Government wants to make the VC's strong, the help that is being offered in terms of corpus is being given with one of the complex condition. The condition for the venture capitals being that government intends to contribute up to 50% of the stated corpus of a SEBI-registered venture capital fund only when the VC’s raise their part of the corpus.
This is complex because the market to raise the funds from market is very limited for VC’s, Banks and insurance companies are allowed to invest only 10% of the overall corpus of the VC’s. Pension funds are not allowed to invest in VC’s, as the risk factor is high. Mutual Funds would take long time to look at them as potential and safe investment option. This leaves them with High net worth individuals (HNI), who out of compassion and yearning to see something new & creative are looking towards VC’s.
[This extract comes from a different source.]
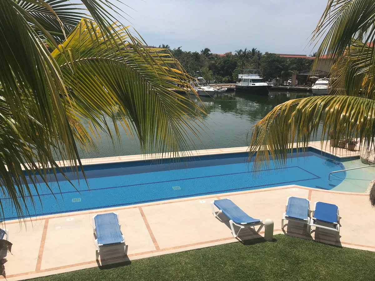 Just 1 hour away form Cancun's Airport, between Playa del Carmen and Tulum and just 20 minutes away from Xel-Ha and Xcaret. It has a beautiful Marina so 2 kayaks (with lifesavers) are included in the price. The Condo has a big terrace with views to the pool and the Marina which also has a jacuzzi (for 2). You can get to the beach by a beautiful 5 min walk. It also has Free WiFi. Restaurants and bars are just 400 m away.
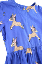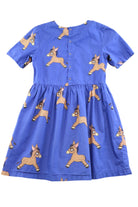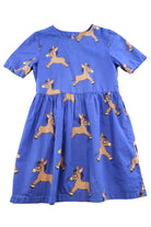 Mini Rodini blue dress with all over donkey print, size 128/134 (7-9yrs). Organic cotton.

The incentive aren’t much and risk takers are few, so the corpus gearing up to that 50% mark is a bit tedious.
What are the other initiatives meant to boost the impetus?
Using “Make in India” here -
As a part of “Make in India” initiative, Government proposes to:
  • Hold one fest at the national level annually to enable all the stakeholders of Startup ecosystem to come together on one platform.
  • Hold one fest at the international level annually in an international city known for its Startup ecosystem.
There is also the launch of Atal Innovation Mission aimed on promoting entrepreneurial work by supporting them through setting up of ‘Tinkering labs’, incubators, training and funding.
Private sector boost -
Promotion of private sector to step up the game in Incubators setup, 35 new incubators in existing institution and 35 new private incubators both with a grant or fund support up to Rs. 10 crores.
Educational institution as a part -
Using the existing infrastructure to boost setting up of innovation labs, by setting up innovation centres at various IIT’s, NIT’s and others.
Bio-tech startups on the rise -
5 new Bio-clusters, 50 new Bio-Incubators, 150 technology transfer offices and 20 Bio-Connect offices will be set up in research institutes and universities across India. There will also be a Biotech Equity Fund setup to provide financial assistance.
 Conclusion
The step is a bold one which is challenging the new minds to come up with new ideas and have a foundation to work with. Although going deep into technicalities one may call this “Innovation India” as essentially that is a key factor in the whole initiative, you cannot just be a startup or you should be smart to sell your idea in the definition of a startup. But in any of the way it’s a start, with government pushing to lay the foundation it can only make the ground merrier for the private entities to improve on the start and enjoy the fruits. Lastly, there is a lot which still would be required to be done by the governmental bodies, as there are these grand schemes announced within the large sphere which will be driven by the efforts of these bodies (the innovation scheme, working with existing platforms, grand innovation fairs, and hubs for discussion). So we wait and watch how this moves and in which direction it eventually moves.